How many roots does the following equation have? $3x^5+15x-8=0$ In the solution part of my book stands that there is only one solution. I guess that I can prove that with the Rolle's theorem.
 A: By Descartes' rule of signs, we see that your polynomial $3x^5+15x-8$ has one sign change in its coefficients, so it has exactly one positive real root. By the same rule, when we replace $x$ with $-x$ we get a polynomial with no sign changes in its coefficients, so the original polynomial has no negative roots.
Clearly zero is not a root, so we end up with exactly one real root to the polynomial, and exactly one solution to your equation.
This answer does not use Rolle's theorem, but is instead easier.
A: It has one positive and no negative root because of Descartes Law of Sign. Descartes Law of Sign says count the number of sign changes from positive to negative or negative to positive and that is the number of Real roots. Also if you get a number greater than 2. Then you may have that number or that number minus two. For example if their were 5 sign changes, it could be 5,3, or 1 (just subtracted 2). Hope it helps!

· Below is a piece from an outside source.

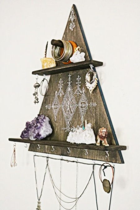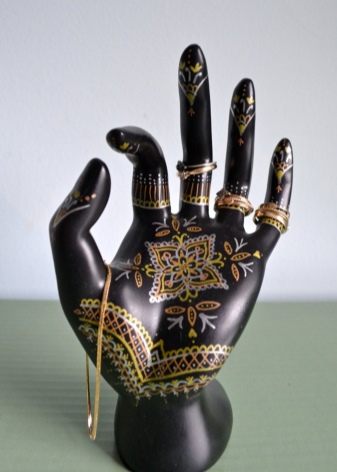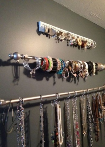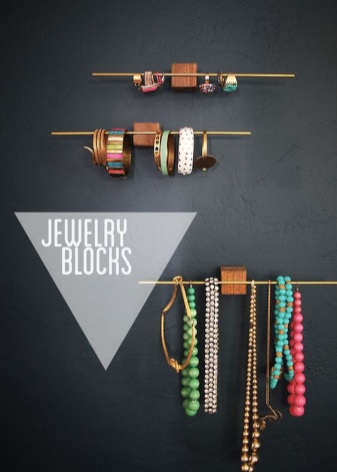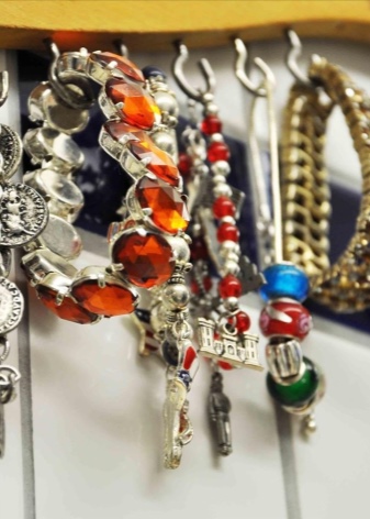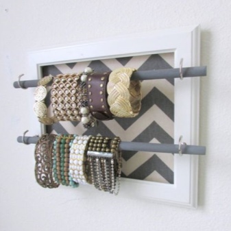 Bracelet holders are made in the shape of a hand, but this option allows you to store only a small number of bracelets. For mass storage, there are racks with small hooks that allow you to store items in limbo.

A: Certainly you can do it. Assume there exists $a<b$ such that $f(a)=f(b)=0,$ where $f(x)=3x^5+15x-8.$ Then, because of Rolle's theorem, there exists $c\in (a,b)$ such that $f'(c)=0.$ But $f'(c)=15c^4+15>0,\forall c\in \mathbb{R}.$ This means that it can't have two solutions. On the other hand, $f(0)=-8, f(1)=10$ and continuity of $f$ imply that it has at least one solution.